消費税の仕組みについて知りたいのですが、どのようになっていますか? |
<消費税は、特定の物品やサービスに課税する個別間接税とは異なり、消費に広く公平に負担を求める間接税です。 消費税の税率は4%ですが、この他に地方消費税が別途消費税額の25%(消費税率に換算して1%相当)課税されることから、これらを合わせた税率は5%となります>
Ⅰ.消費税の仕組み 消費税は、特定の物品やサービスに課税する個別間接税とは異なり、消費に広く公平に負担を求める間接税です。 消費税の課税対象は、国内において事業者が事業として対価を得て行う資産の譲渡、貸付け及び役務の提供と外国貨物の輸入です。 この消費税は、生産及び流通のそれぞれの段階で、商品や製品などが販売される都度その販売価格に上乗せされてかかりますが、最終的に税を負担するのは消費者となります。

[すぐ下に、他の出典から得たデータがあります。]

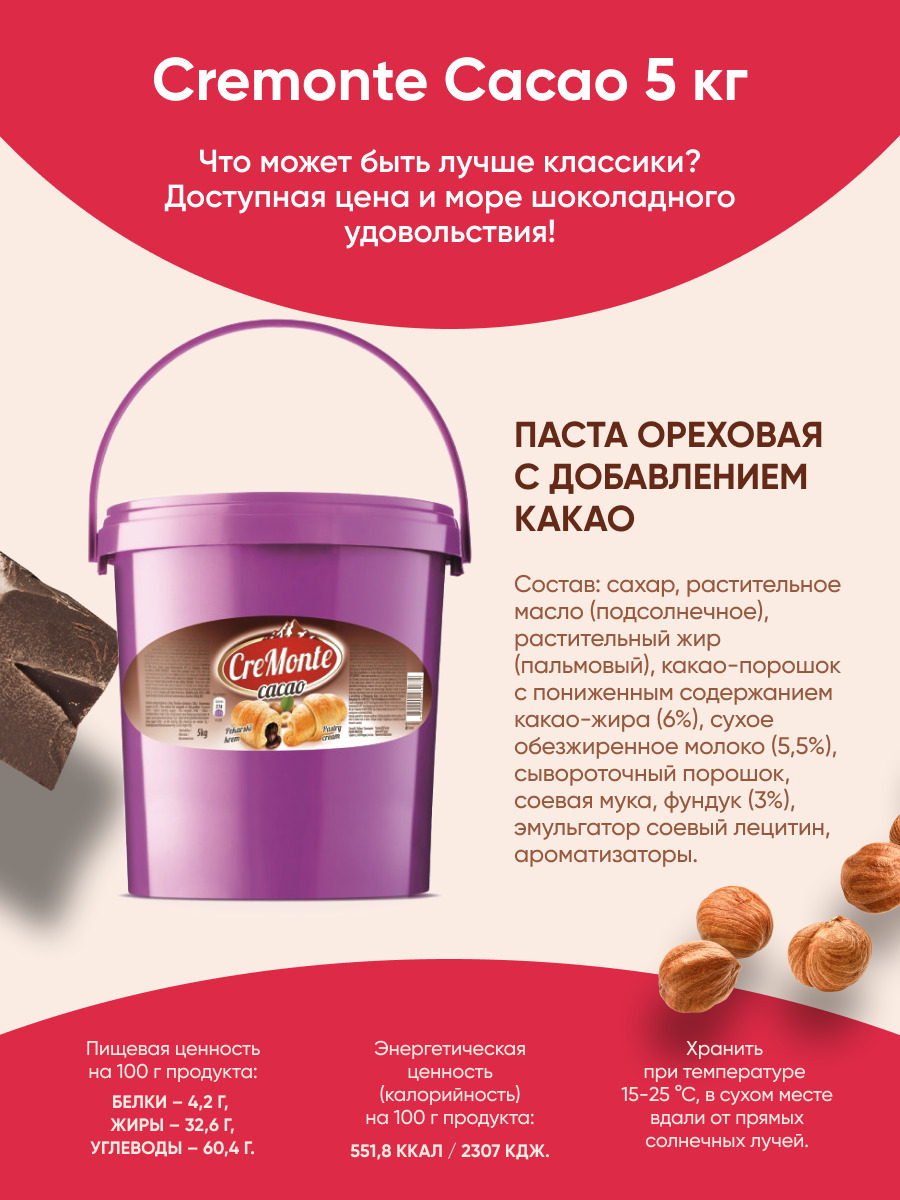 Паста орехово-шоколадная CreMonte Cacao с добавлением какао, 5 кг
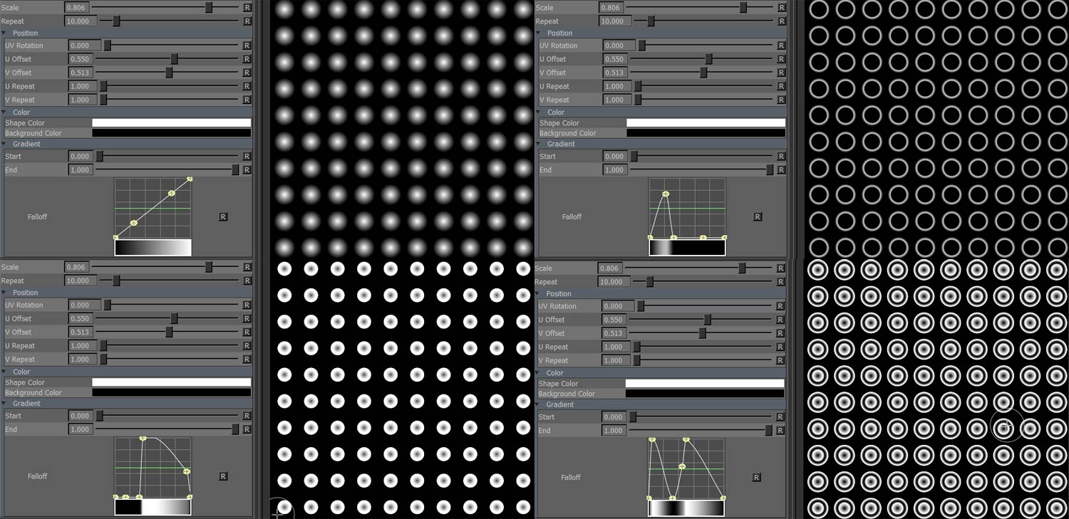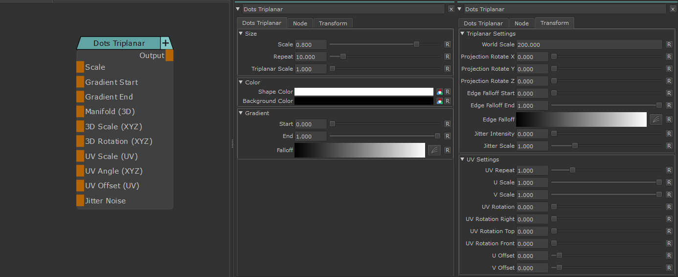 Dots Triplanar creates circular patterns. With the help of the included remapping you can create more complex patterns.
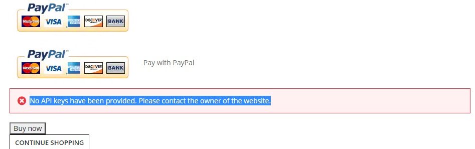 songshit Posted October 3, 2020 Share Posted October 3, 2020 Hi, As my customers proceed to the last step of checking out, they come across one warning text saying "No API keys have been provided. Please contact the owner of the website." Obviously this is something related to payment gateway. I have set my Paypal, which should be okay. After I disabled all payment gateways including Check, the problem still exists. Actually customer can still check out by Paypal. There must be something wrong with the warning. Please HELP!!! Link to comment Share on other sites More sharing options...
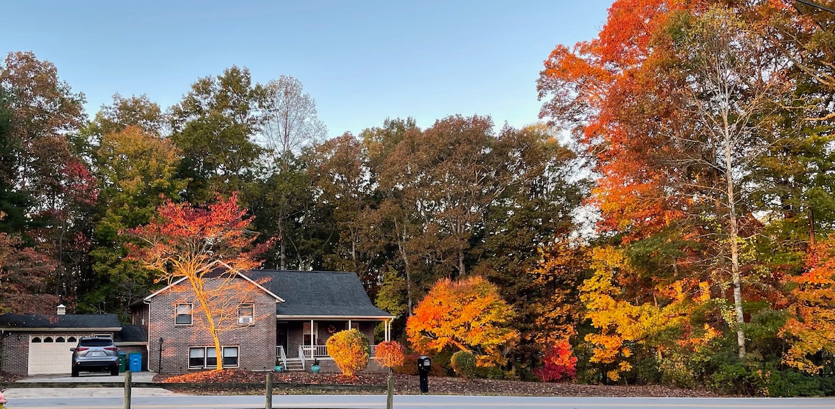 Helene Update: Our house is back to normal after the storm. Relax with the whole family at this home away from home. Located in a quite established residential area that is only 12 minutes from Asheville downtown. 3 minutes to I-40 (at exit 44). Everything just as if you were at home, including ★Automatic Espresso Machine ★Coffee ★Tea and Tea Kettle ★Fully Equipped Kitchen ★Laundry ★Grill ★Wifi ★TV ★Fire Pit ★Kind Bed
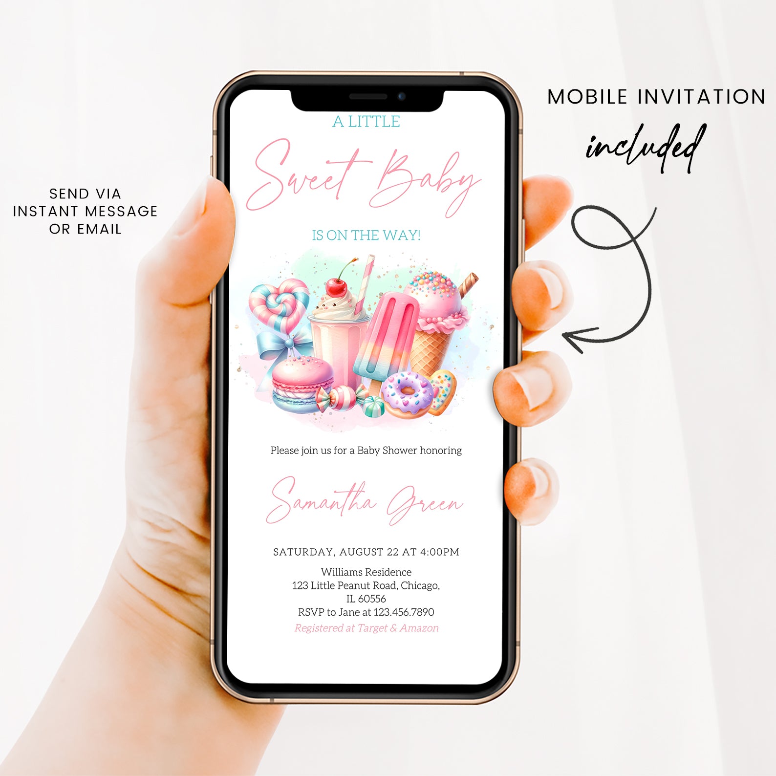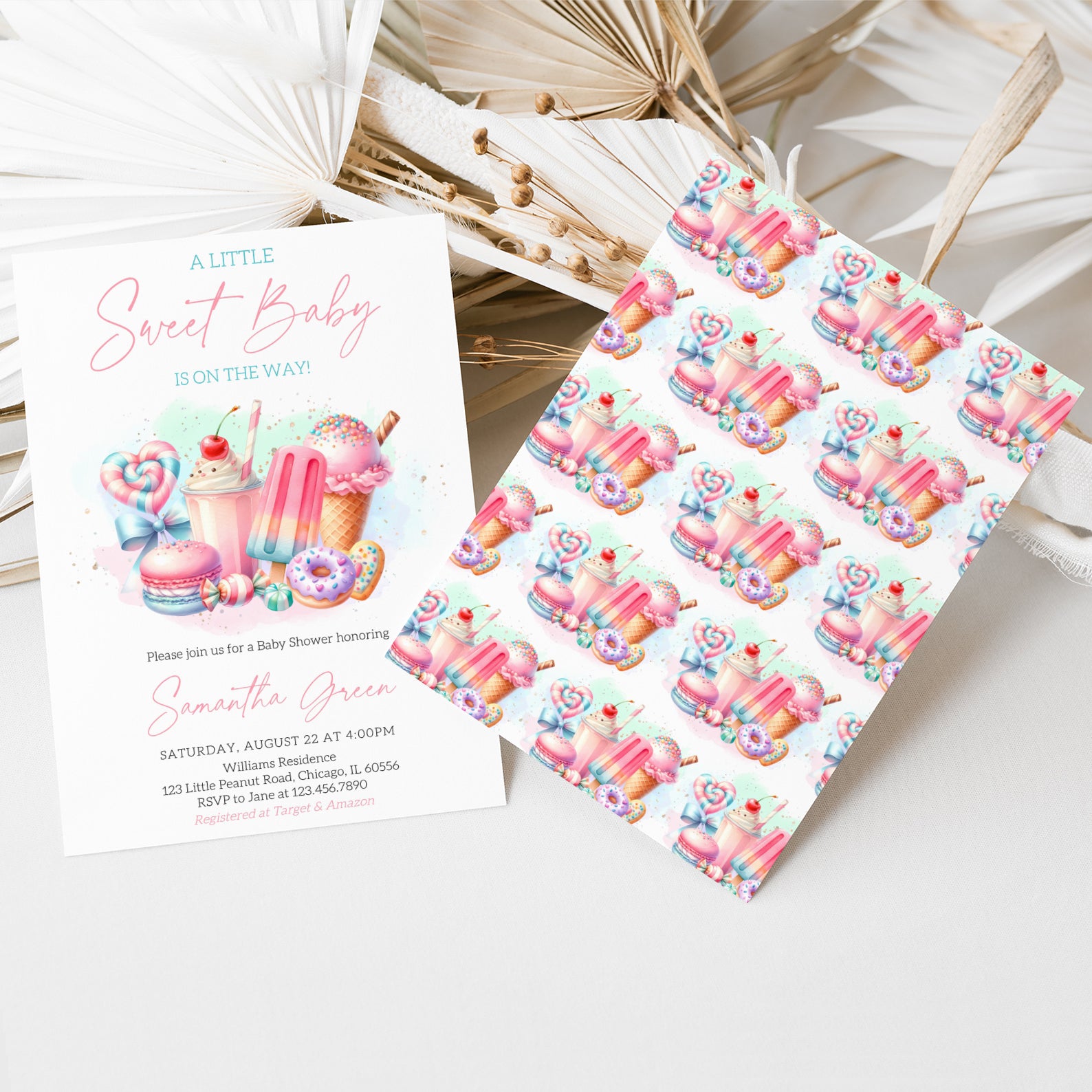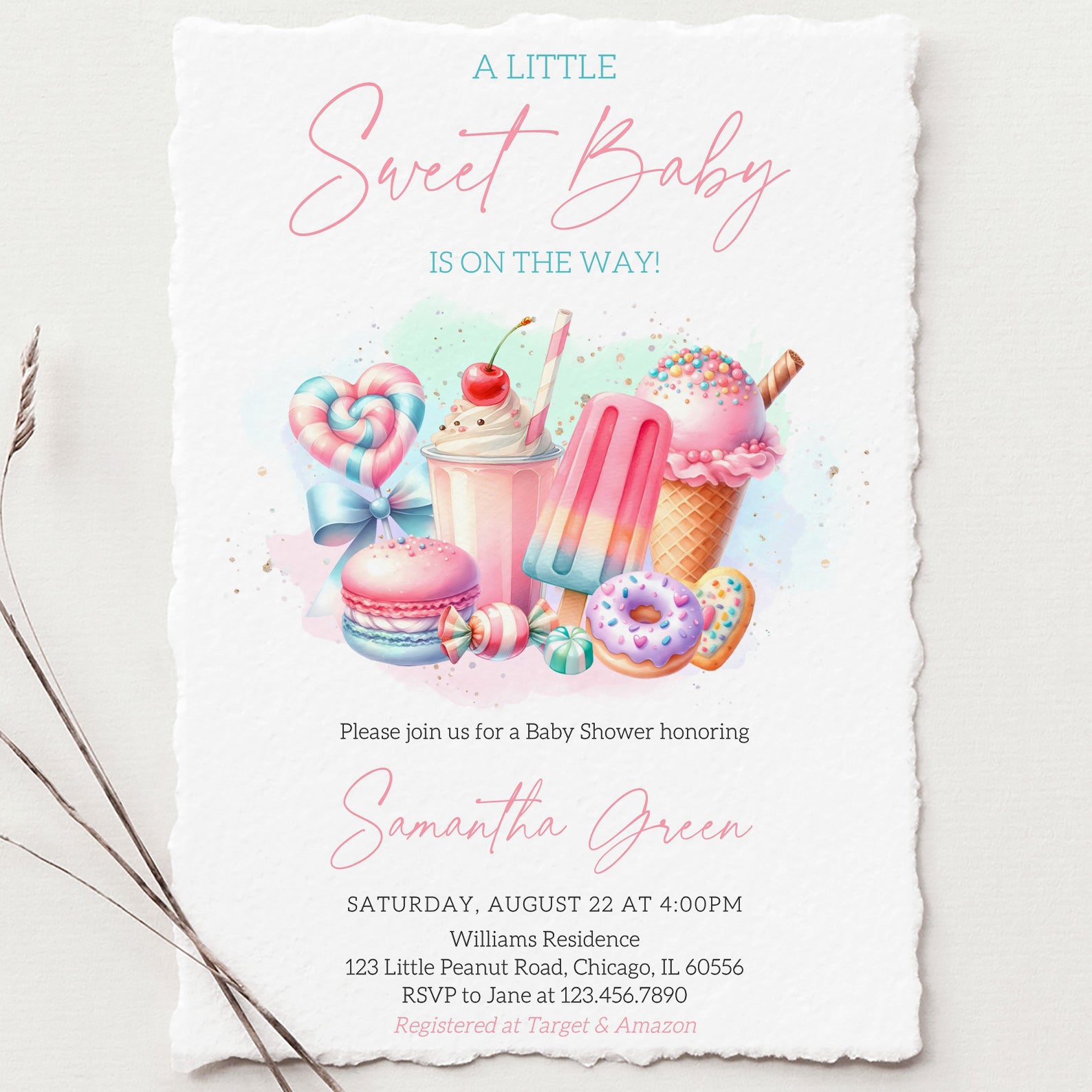 Summer Baby Shower Invite Bundle with Sweet Treats & Gold Accents
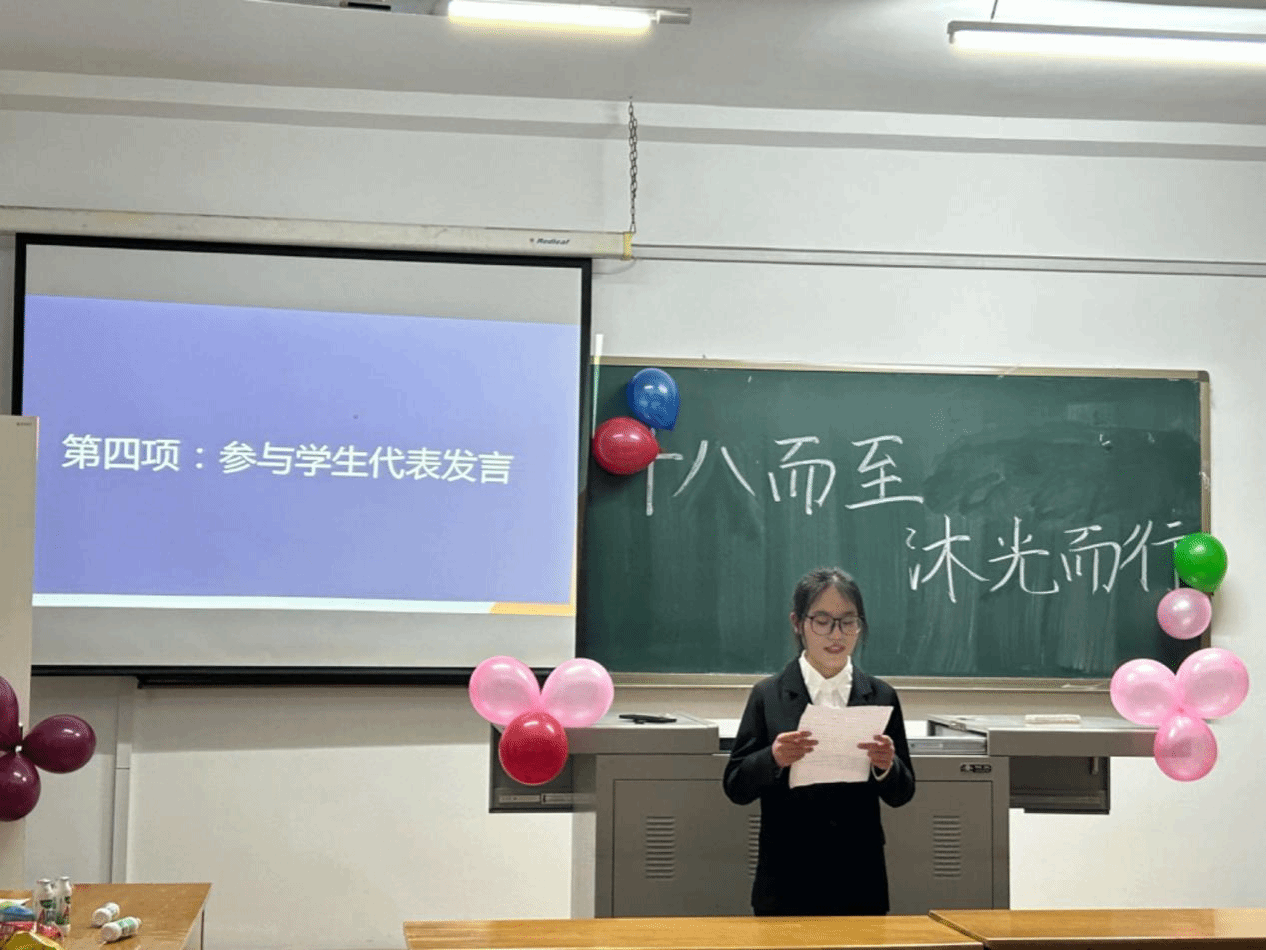 学生代表诵读李大钊的《青春》之诗,鼓励青年为国家建设奋斗,努力成为担当民族复兴大任的时代新人,并分享自己对于成年的感悟,与同学们共勉:十八岁意味着迈入成人之门,迈向人生新起点,踏上人生新征程。自古英雄出少年,每个时代都有每个时代的挑战与考验,作为新时代山财学子,必将蓄势待发,磨砺以须,挺膺担当,不负使命。
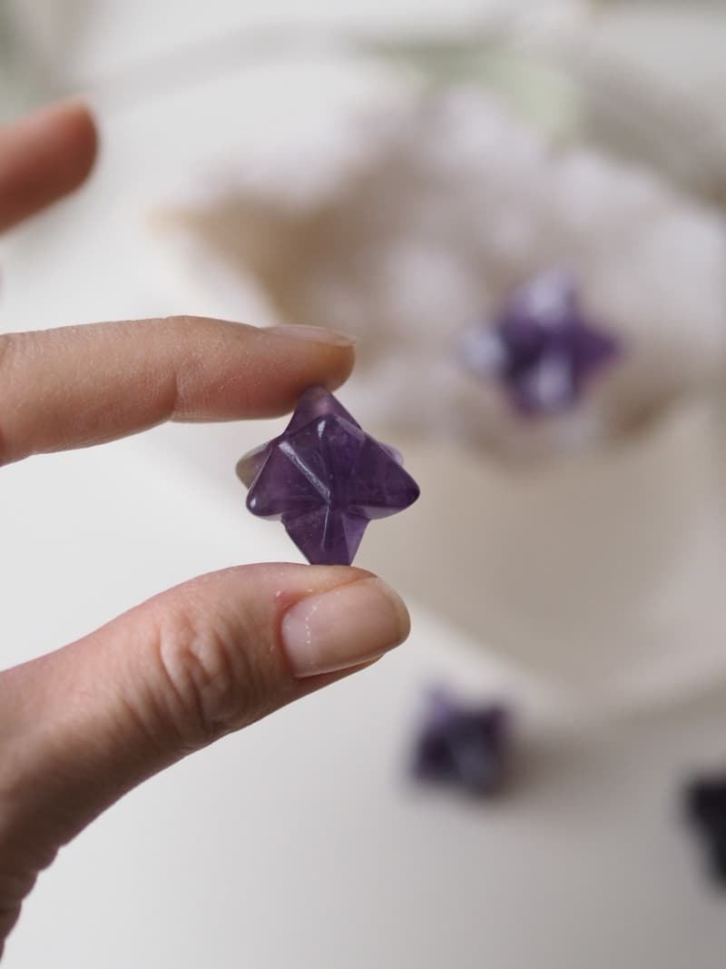 Merkaba z Ametystu. Merkaba je jedním ze symbolů posvátné geometrie, jež je vnímán jako energetické pole či vozidlo pro duchovní transformaci a vzestup. Přináší ochranu, rovnováhu a spojení s vyšším Já.

Ⅱ.税率 消費税の税率は4%ですが、この他に地方消費税が別途消費税額の25%(消費税率に換算して1%相当)課税されることから、これらを合わせた税率は5%となります。
Ⅲ.納税義務者 国内取引の納税義務者は個人事業者と法人です。 また、輸入取引の場合の納税義務者は保税地域から外国貨物を引き取る者となります。
Ⅳ.納付税額の計算 消費税の納付税額は、課税期間ごとに売上げに対する税額から、仕入れに含まれる税額を差し引いて計算します。
Ⅴ.中小事業者の特例 小規模事業者の事務負担を軽減するため、その課税期間に係る基準期間(個人事業者の場合はその年の前々年、事業年度が1年である法人の場合はその事業年度の前々事業年度)の課税売上高が1千万円(注)以下の事業者は原則としてその課税期間の納税義務が免除されることになっています。 また、中小事業者の事務負担を軽減するため、実際の仕入れに含まれる税額を計算することなく、売上げに対する税額に一定のみなし仕入率を乗じた金額を仕入れに含まれる税額とみなすことのできる簡易課税制度が設けられています。
(注) 平成16年4月1日前に開始した課税期間については、納税義務が免除される基準期間における課税売上高の上限は3千万円以下となります。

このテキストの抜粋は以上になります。